What a difference Jesus’ cross and resurrection make. By His death and resurrection...The power of hell is destroyed. Satan’s accusations are hollow. The sting of sin and death has been drawn from your flesh like a venomous bee sting, sucked out by Christ’s death for you.

Jesus has overcome the world. Neither the devil, nor the grave, nor the world could overcome Jesus. And neither will they overcome you.
 “In this world you will have tribulation. But take heart, I have overcome the world.”

Yes, in this world we will have tribulation. We will have fall victim to cancer or dreadful diseases. We will suffer sudden, inexplicable tragedies. We will experience financial and family crises. We be racked by grief, sorrow, and death.
“But take heart, be of good cheer,” Jesus says. I have overcome the world. I have overcome your disease. I have overcome your tragedy. I have overcome your doubt and fear. I have overcome your sin and death. There is no greater tribulation than the cross. Jesus suffered pain, beating, hell and death for you. And His tribulation is greater than all your pain, suffering, sin, and death.
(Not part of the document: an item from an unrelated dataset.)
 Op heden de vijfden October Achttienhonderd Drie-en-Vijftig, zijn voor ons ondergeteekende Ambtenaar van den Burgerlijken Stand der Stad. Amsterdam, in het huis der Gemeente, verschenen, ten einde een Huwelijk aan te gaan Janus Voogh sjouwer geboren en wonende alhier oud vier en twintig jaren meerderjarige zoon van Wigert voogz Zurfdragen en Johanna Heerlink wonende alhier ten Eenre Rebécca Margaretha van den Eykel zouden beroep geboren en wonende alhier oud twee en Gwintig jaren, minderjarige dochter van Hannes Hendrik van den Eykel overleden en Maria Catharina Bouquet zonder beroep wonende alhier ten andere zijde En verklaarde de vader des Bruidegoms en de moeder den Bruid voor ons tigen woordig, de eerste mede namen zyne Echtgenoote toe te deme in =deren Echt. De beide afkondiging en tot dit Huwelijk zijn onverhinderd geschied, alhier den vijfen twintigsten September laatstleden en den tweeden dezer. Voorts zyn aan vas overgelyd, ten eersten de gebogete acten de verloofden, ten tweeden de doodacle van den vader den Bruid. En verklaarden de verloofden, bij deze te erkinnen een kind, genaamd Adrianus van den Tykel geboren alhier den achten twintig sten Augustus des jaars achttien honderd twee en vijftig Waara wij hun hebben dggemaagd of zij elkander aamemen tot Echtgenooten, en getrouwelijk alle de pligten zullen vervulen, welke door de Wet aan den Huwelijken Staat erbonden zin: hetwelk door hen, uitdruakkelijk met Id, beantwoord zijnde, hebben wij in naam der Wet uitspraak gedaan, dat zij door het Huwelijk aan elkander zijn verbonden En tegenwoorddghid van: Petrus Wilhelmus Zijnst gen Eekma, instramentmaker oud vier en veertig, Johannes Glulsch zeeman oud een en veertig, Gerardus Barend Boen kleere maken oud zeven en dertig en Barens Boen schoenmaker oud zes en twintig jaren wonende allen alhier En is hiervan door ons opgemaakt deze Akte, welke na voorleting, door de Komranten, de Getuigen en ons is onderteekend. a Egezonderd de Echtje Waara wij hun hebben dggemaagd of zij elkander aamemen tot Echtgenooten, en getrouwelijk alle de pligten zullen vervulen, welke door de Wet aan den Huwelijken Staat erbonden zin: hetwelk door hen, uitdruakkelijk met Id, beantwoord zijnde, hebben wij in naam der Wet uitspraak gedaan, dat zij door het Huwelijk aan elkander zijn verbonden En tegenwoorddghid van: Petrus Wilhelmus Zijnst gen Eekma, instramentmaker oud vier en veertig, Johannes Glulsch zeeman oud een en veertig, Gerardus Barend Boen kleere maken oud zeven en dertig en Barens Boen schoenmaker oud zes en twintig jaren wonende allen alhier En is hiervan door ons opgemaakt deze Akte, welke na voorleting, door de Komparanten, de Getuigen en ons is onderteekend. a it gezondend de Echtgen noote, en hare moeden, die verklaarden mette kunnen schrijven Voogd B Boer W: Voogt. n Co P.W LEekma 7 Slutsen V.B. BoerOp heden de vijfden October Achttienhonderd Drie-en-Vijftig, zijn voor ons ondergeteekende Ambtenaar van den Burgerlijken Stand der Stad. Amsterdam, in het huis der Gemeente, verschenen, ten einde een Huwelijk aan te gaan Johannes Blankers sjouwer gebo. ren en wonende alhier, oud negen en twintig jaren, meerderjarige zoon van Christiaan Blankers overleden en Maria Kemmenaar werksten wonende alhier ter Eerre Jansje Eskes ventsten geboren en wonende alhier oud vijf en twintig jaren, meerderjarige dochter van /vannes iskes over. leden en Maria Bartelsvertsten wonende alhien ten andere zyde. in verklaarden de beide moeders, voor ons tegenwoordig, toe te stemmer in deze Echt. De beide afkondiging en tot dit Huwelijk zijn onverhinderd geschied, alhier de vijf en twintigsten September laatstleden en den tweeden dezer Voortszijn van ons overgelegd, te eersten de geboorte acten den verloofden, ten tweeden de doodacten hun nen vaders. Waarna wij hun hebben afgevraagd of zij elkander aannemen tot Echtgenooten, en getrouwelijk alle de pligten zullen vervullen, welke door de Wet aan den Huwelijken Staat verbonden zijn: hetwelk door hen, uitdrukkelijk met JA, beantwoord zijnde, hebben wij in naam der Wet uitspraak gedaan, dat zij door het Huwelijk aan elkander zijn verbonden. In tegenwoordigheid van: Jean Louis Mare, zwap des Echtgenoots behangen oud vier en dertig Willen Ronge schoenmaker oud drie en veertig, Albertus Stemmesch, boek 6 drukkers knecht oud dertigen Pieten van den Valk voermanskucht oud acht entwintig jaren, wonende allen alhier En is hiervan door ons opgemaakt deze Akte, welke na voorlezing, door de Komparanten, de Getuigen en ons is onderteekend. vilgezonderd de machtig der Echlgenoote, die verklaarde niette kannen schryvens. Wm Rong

That’s great you say, but I’m still in the world. I still see suffering and death all around. And that’s precisely why Jesus spoke these words to his disciples, why He speaks them to you today…because you are still in the world with all its temptations and sin. Because you still need His crucified and risen peace. Because you have not yet arrived.
In this world you will have tribulation…But in your tribulation, you are not alone. When one member suffers all suffer.  When Corinth suffered and the churches of Ephesus and Smyrna suffered, Paul and John suffered.  And when you suffer – whatever it may be - you are not alone. Look at the people in front and behind and next to you in the pews. The church is not an army of one. It is the body of Christ. And when one member suffers, He suffers with you even as He suffered for you.
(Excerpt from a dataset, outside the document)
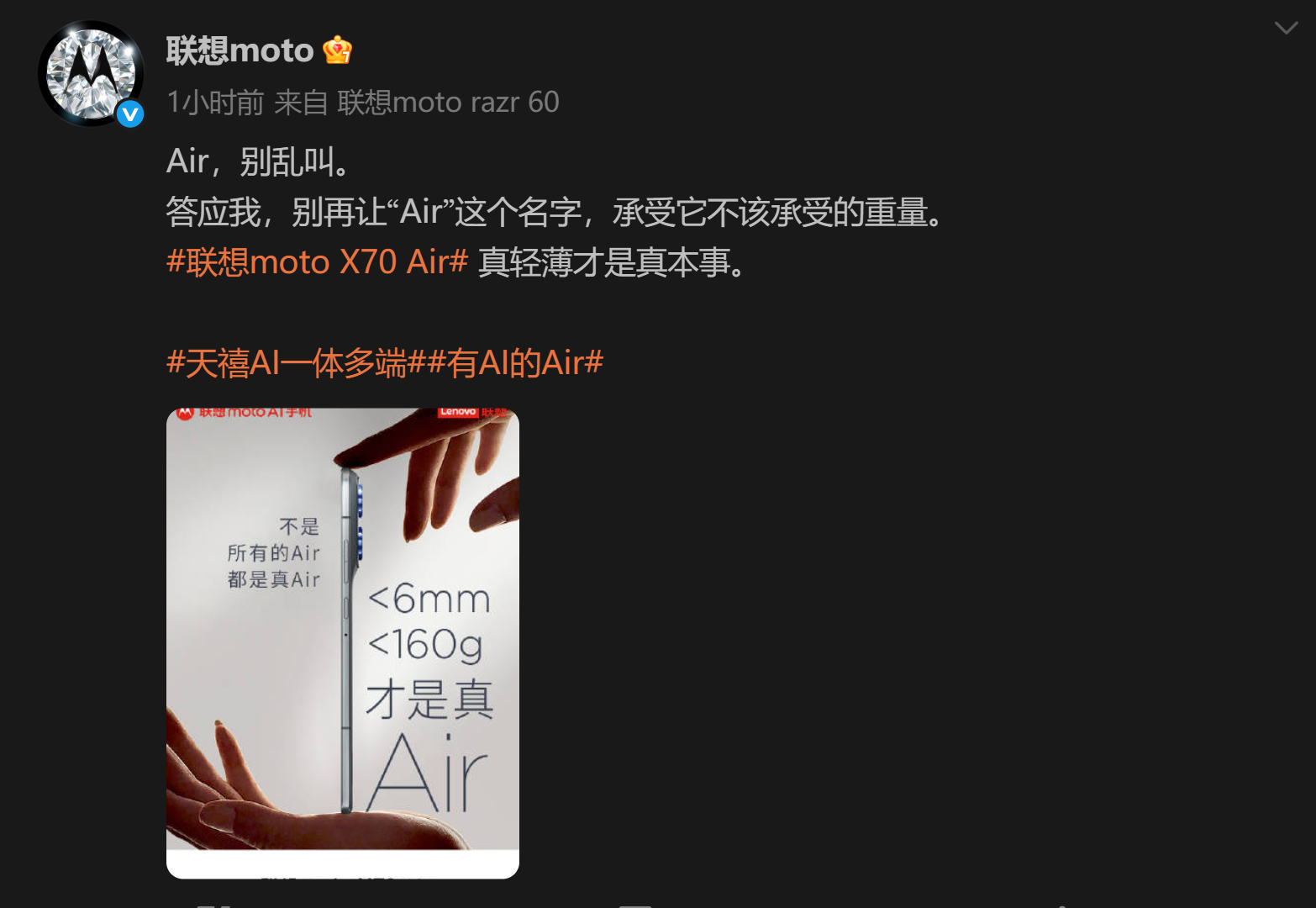 而联想moto官方今日在微博上发文称:“Air,别乱叫。”并直言,只有像moto X70 Air这样的超薄机型才配得上“Air”这一名称。官方还特别指出,moto X70 Air的厚度不到6mm,重量不到160g,才是真正的“Air”。
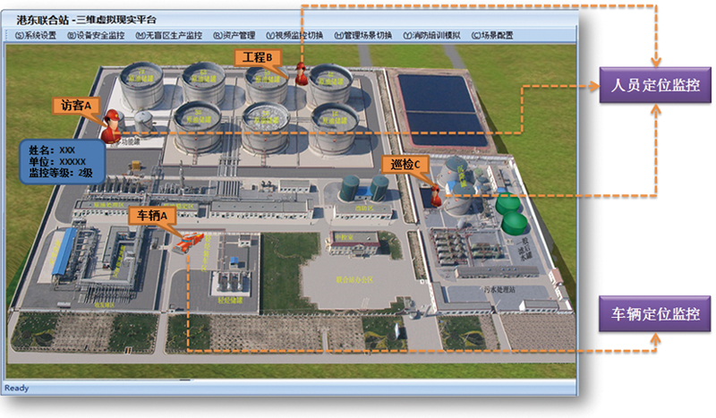 配合人員和車輛定位跟蹤系統(tǒng),在三維場(chǎng)景中實(shí)現(xiàn)無盲區(qū)跟蹤監(jiān)控管理。

So, is Christianity hard or easy? Well honestly, it’s both. In this life a war rages on. You’re on the front lines. The church is an outpost, an oasis. And yet, Christ is your Mighty Fortress: inside the walls of his body you rest in peace. The battle is won. Christ is risen. He pours out living water from his side into the font and over your forehead washing your tribulation away. He seats you at His banqueting table where He feeds and nourishes you with His flesh and blood.
On days of tribulation it’s comforting to have words like these from Revelation: And I saw no temple in the city, for its temple is the Lord God the Almighty and the Lamb. And the city has no need of sun or moon to shine on it, for the glory of God gives it light, and its lamp is the Lamb. (Revelation 21:22-23).

That’s the difference between those “before and after” photos and John’s vision in Revelation. What John saw is not only your future reality. It’s present tense. Heaven, eternal life, salvation: it’s all yours because you belong to the Lamb. Jesus has made peace with you in Baptism. Jesus speaks His peace to you in absolution. Jesus feeds you His peace in His Supper. Your name is written in the Lamb’s book of life – before the foundation of the world - and today and forever. All that John reveals is already yours. In the new creation there is no before, the former things are gone; there is simply an endless happily ever after.

In this world you will have tribulation. But be of good cheer. Jesus is your peace in a world of tribulation. Jesus has overcome the world for you.

In the Name of the Father and of the + Son and of the Holy Spirit. Amen.